The Tamaulipas crow (Corvus imparatus) is a crow found in northeastern Mexico and southern Texas.

== Description ==
It is a relatively small and sleek looking crow, 34–38 cm in length. It has very glossy dark, bluish plumage, which appears soft and silky. The bill is quite slender and black, as are the legs and feet. The Chihuahuan raven, a much larger and very different bird, is the only crow it commonly occurs alongside.

==Taxonomy==
The Sinaloa crow (Corvus sinaloae) appears to be genetically extremely close to this bird and can be considered the western form of it though the voice is quite different, indeed a third species, the fish crow (Corvus ossifragus) of the southeastern United States appears to be very closely related to them also and the three may be considered a superspecies.

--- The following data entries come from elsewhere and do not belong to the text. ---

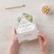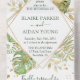 Cette élégante faire-part de mariage tropicale présente un feuillage vert exotique aux accents dorés. Un cadre doré géométrique moderne met en évidence le texte vert foncé. Les plaques d'or accentuent l'élégante décoration botanique et apportent un peu de fantaisie sophistiquée à l'invitation. La carte RSVP est détachable et prête à être envoyée par la poste avec une adresse de retour pré-imprimée. Cet invitation d'oasis insulaire est parfait pour tout mariage extérieur, plage ou destination.
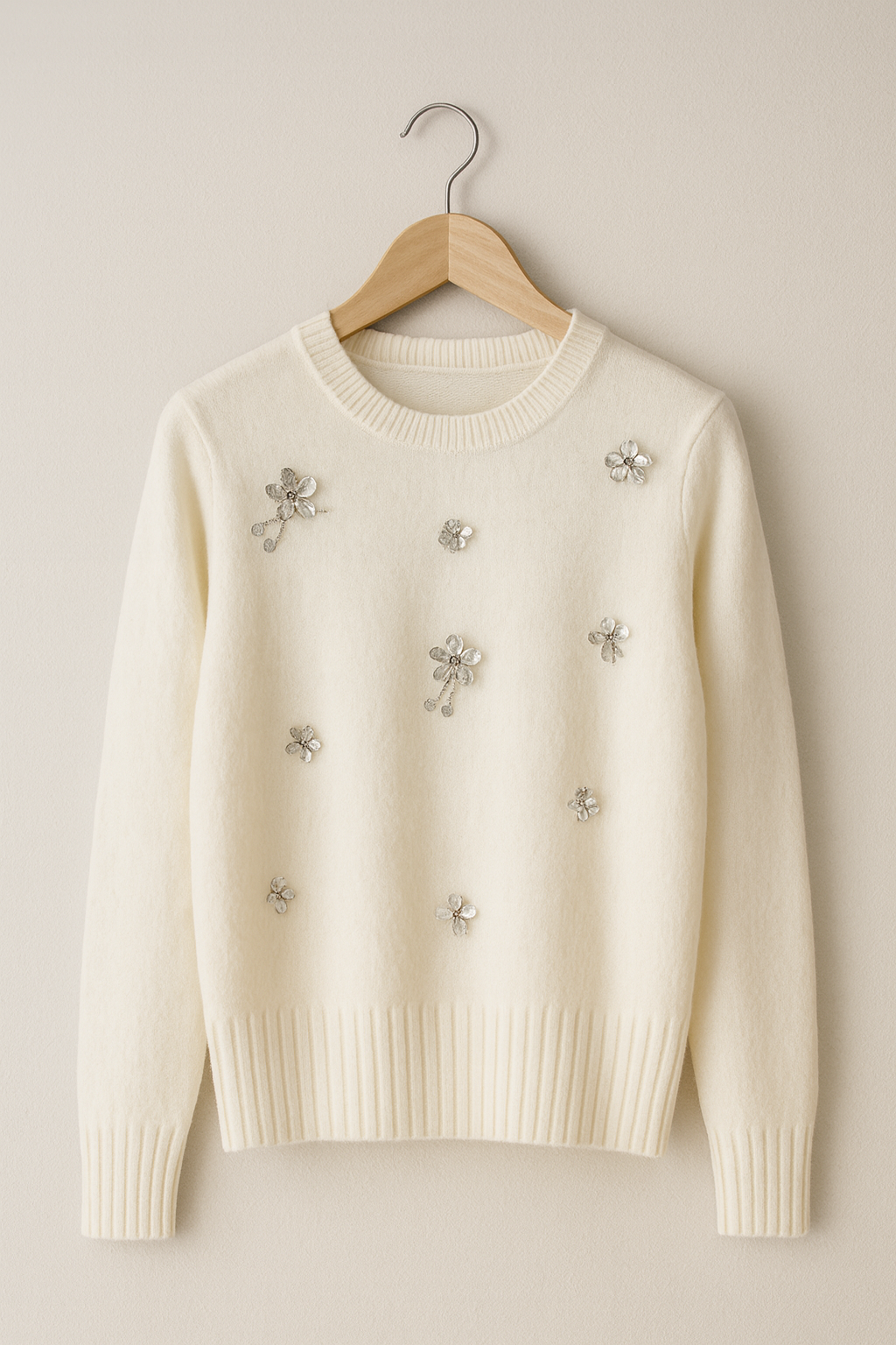 Pulover călduros și moale, decorat cu flori pentru un aspect feminin și delicat. Croiala lejeră și materialul plăcut îl fac ideal pentru ținutele de zi, office sau casual-chic. Se așază perfect pe siluetă și se potrivește ușor mai multor mărimi.
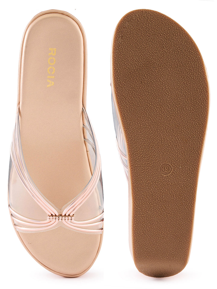 Make a trendy statement with Rocia by Regal Women Vinyl Platforms in Black and Rose Gold. These 3-inch synthetic platform heels come with TPR soles, open round toes, and a sleek slip-on design ideal for casual summer wear.
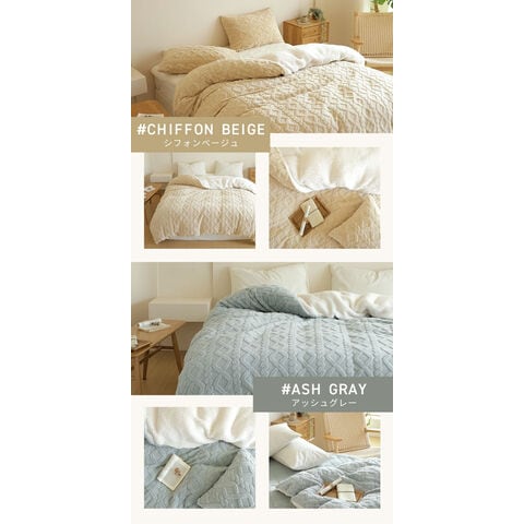 今年の冬のイチオシ、「ケーブルボア」を大胆にあしらった掛け布団カバーが新登場!いつもの寝室に置くだけで、とびっきりの空間に。
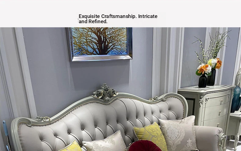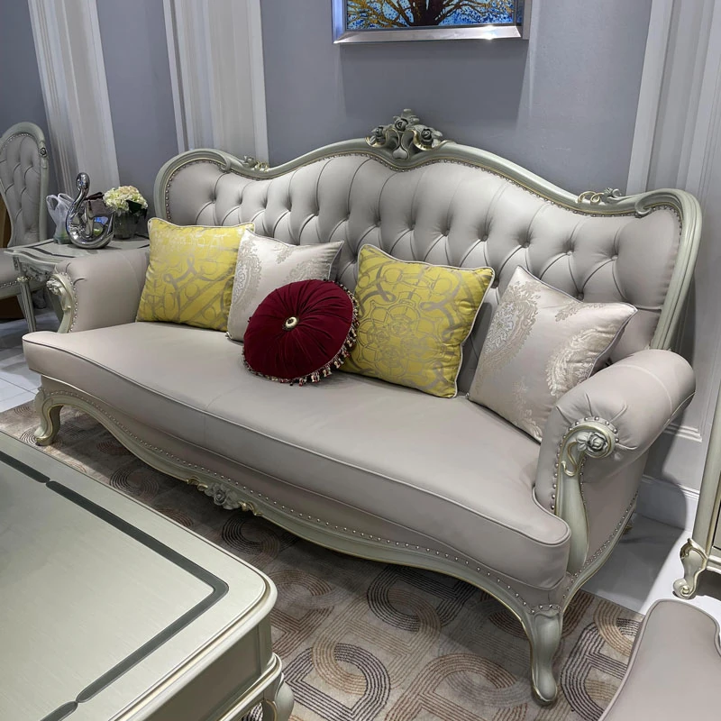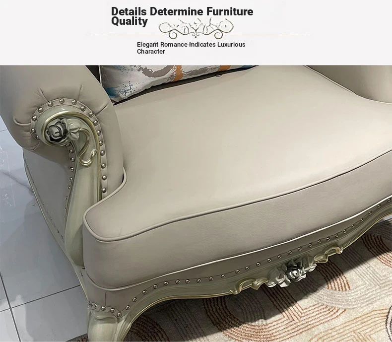 French Genuine Leather Sofa Set - 1-2-3 Combination for Villas and Small to Medium Living Spaces - Minimalist Luxury European Style Solid Wood Furniture
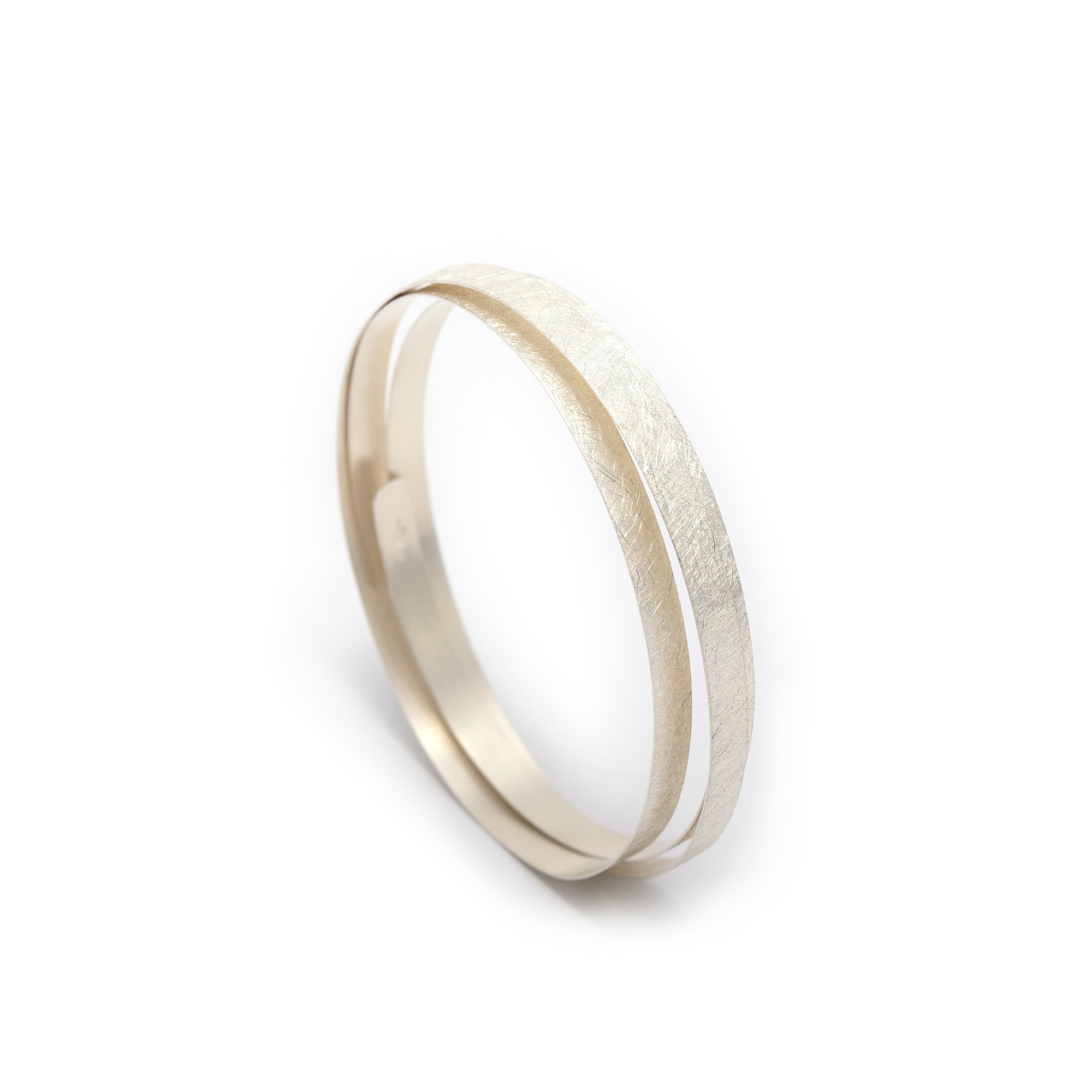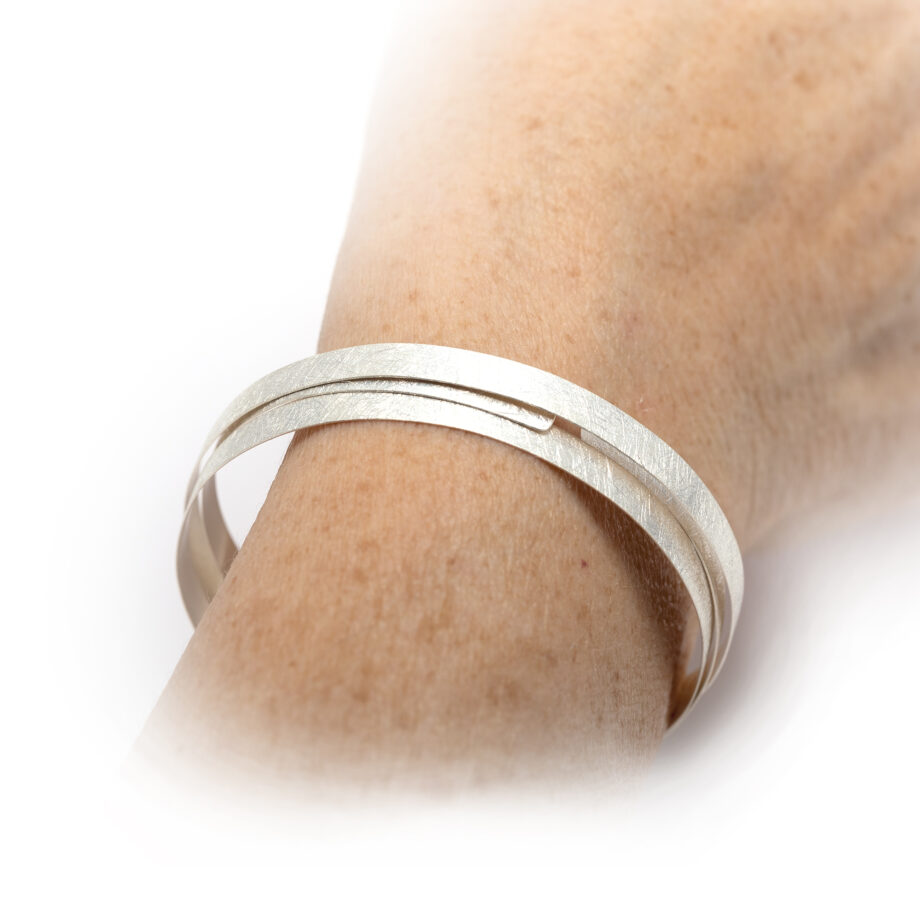 Dieser zauberhaft zarte und feminine Armreif ist ein idealer Begleiter für jeden Tag und jede Gelegenheit. Er ist aus einem federhart gewalzten Silberband gearbeitet, das etwa 5 mm breit und 0,5 mm stark ist, mit drei Windungen spiralig gewickelt und auf der Oberfläche eismatt gekratzt wurde. Durch seine spezielle Machart lässt er sich bequem anlegen und kommt ohne Verschluss aus. Gleichzeitig ist er wunderbar leicht und trotzdem sehr robust und alltagstauglich. Der Innendurchmesser des Reifens beträgt etwa 55 mm.

==Distribution and habitat==
Occurring in a relatively small area in northeastern Mexico, it inhabits near desert scrub and bushland and includes farms, small towns and villages in its range. It also occurs in more humid woodland in open areas but does not appear to be found in the higher mountains or along the seashore. It is a sociable bird often forming large flocks, moving together in close groups. Its northern range reaches Brownsville in southern Texas where it has been known to nest.

==Behaviour==

===Diet===
Food would appear to be mainly insects taken on the ground though eggs and nestlings are taken in trees as well as many fruits and berries.

===Nesting===
The nest is similar to the American crow but smaller and is built in a tree or large bush.

===Voice===
The voice of this crow is unusual and unlike most other species of the genus Corvus. It has a low croaking sound rather like a frog and a call that is described as a soft "gar-lik".